Inoltre, Fratelli d’Italia promette di “riconversione delle attività produttive a elevato impatto ambientale” e introdurre una “tassa sui rifiuti calcolata in base alla qualità e alla quantità dei rifiuti prodotti per rafforzare la raccolta differenziata”. Ma anche: “Tutela dei nostri mari e restauro delle nostre coste anche attraverso un piano straordinario di sostituzione edilizia per liberarle dagli ecomostri. Salvaguardia della cultura rurale e delle attività che ne sono portatrici. Corretta gestione del patrimonio faunistico e ambientale”.

L’Obiettivo, si legge poi, sono le “città a impatto zero anche attraverso la realizzazione di ‘foreste urbane’ e sostegno alla mobilità sostenibile”.

Il programma, insomma, è molto ambizioso. Tutte le promesse fatte, tuttavia, richiedono grandi investimenti e uscite. Gli scettici contrastano già non tanto il fine ma la mancata indicazione delle risorse che vuole utilizzare. Più che chiedersi cosa, a questo punto, tra aumenti di pensioni, stipendi e riduzione delle tasse, bisogna capire dove la destra ha intenzione di prendere i soldi necessari a realizzare il suo programma (in un periodo di ristrettezze economiche e crisi che, piuttosto, potrebbero richiedere scelte impopolari).

PD e Lega non pervenuti: Salvini e Letta non hanno ancora esposta il proprio programma elettorale, M5s punta tutto su transizione

Il programma elettorale del Movimento 5 Stelle (anche questo non ufficiale e anche questo riassunto in punti) scommette tutto sulla transizione ecologica. L’emergenza clima, quindi, si aggiunge ad altri interventi in programma (come il reddito di cittadinanza, il Superbonus e il salario minimo).
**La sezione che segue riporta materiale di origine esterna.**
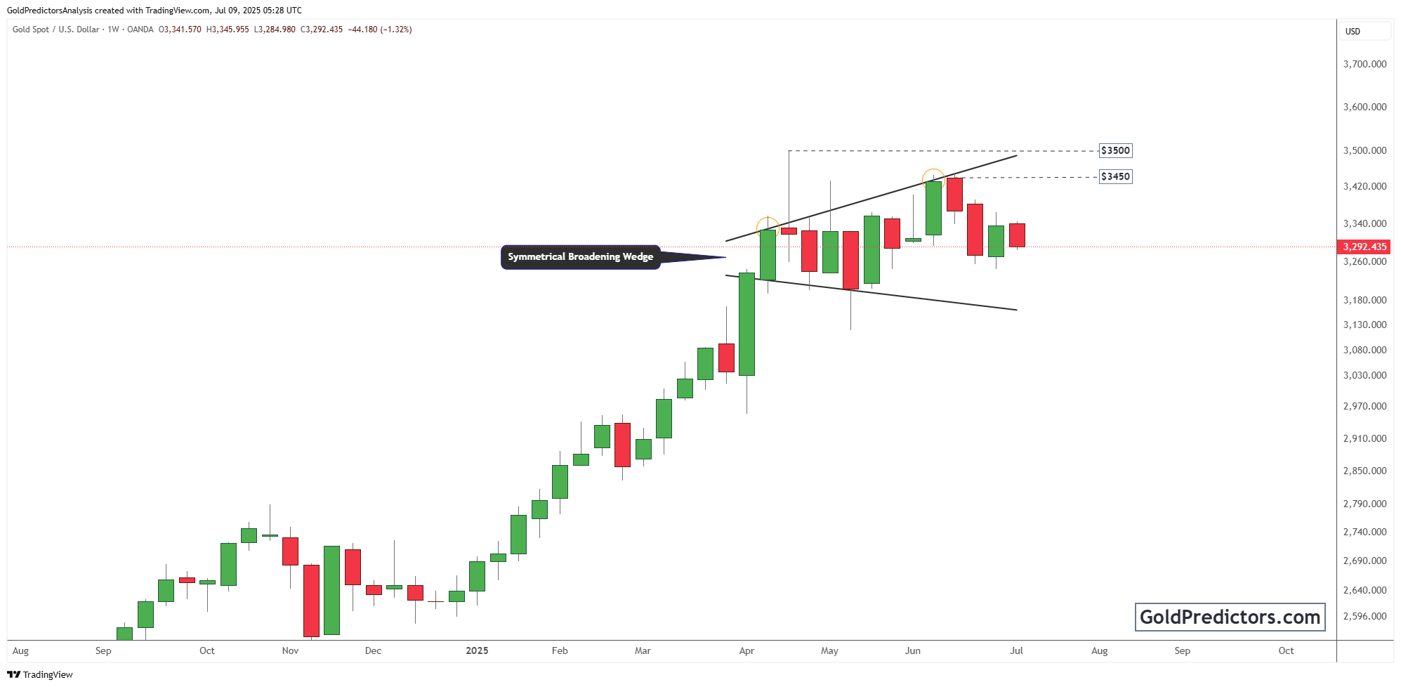 The gold chart below shows that after a strong rally from late 2024 through early 2025, gold’s bullish momentum has started to weaken in recent weeks. The price has begun to consolidate. This consolidation resulted in the formation of a Symmetrical Broadening Wedge pattern on the weekly chart. The pattern reflects a period of indecision following a strong uptrend.
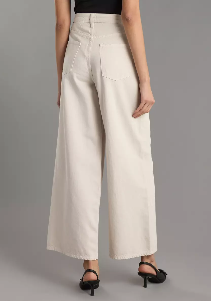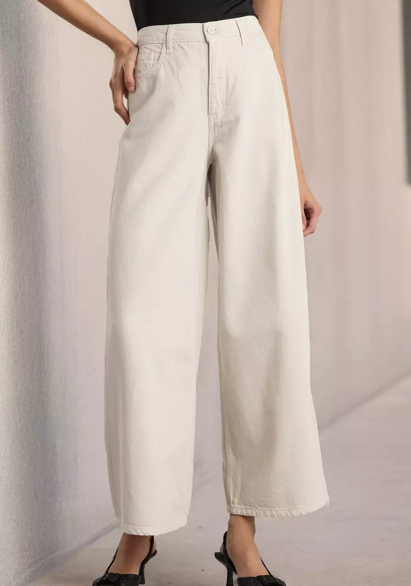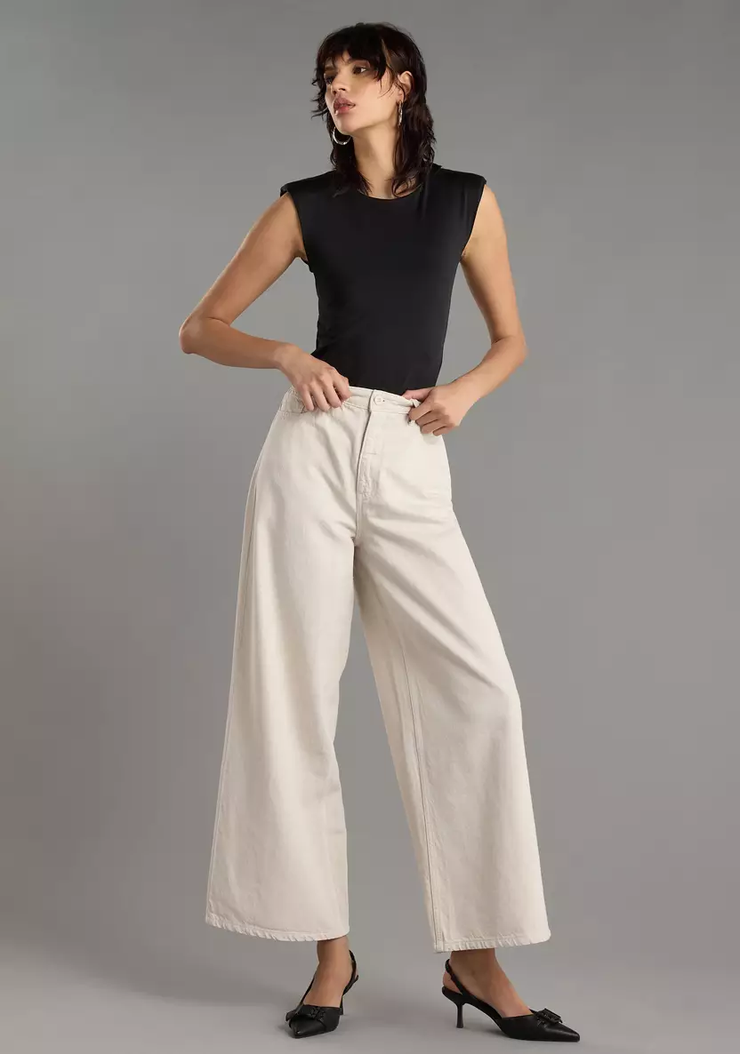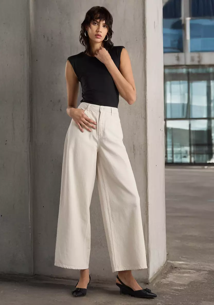 بنطلون جينز بقصّة واسعة سادة واسع الساقين وخصر مرتفع

Non essendo però la versione definitiva, anche in questo caso non sono stati resi noti i dettagli. Impegno, risorse, promesse, scadenze e progetti a medio e lungo termine sono ancora da definire.

Non pervenuti invece Enrico Letta e Matteo Salvini, al momento impegnati a definire alleanze e a capire con chi presentarsi alle prossime elezioni.

Il leader della Lega, decisamente in calo nei sondaggi (qui cosa dicono le previsioni) ha fatto sapere, con i suoi interventi sui social e in tv, di avere a cuore la riforma del sistema pensionistico e di voler puntare in primis su sicurezza (ci sono “baby gang ovunque”), autonomia e, ovviamente, immigrazione. Ha tirato in ballo anche “la teoria gender” e la tutela dei minori. Si sta parlando molto del suo attacco all’appello per cognome a scuola, etichettato da lui come un nuovo trend a tutela dei “bambini fluidi”. In realtà, in molte scuole – molti lo ricorderanno – si è sempre proceduto con l’appello per cognome. Nessun novità dunque.

E a proposito di scuola, il segretario del PD ha annunciato un programma ben preciso per il futuro: “La scuola è la leva per scrivere il futuro di cittadini e cittadine, per garantire lo sviluppo e l’emancipazione sociale che sono le chiavi del progresso dell’Italia”. Da qui l’idea del “progetto per la Scuola 2027”. “Abbiamo su di noi la grande responsabilità di costruire il progetto per il futuro del Paese: mettiamoci al lavoro, insieme”, ha poi aggiunto Letta.

Un futuro, però, dove l’emergenza climatica non può essere tagliata fuori. Ricordiamocelo quando verranno pubblicati i programmi elettorali (definitivi e ufficiali) dei partiti al voto.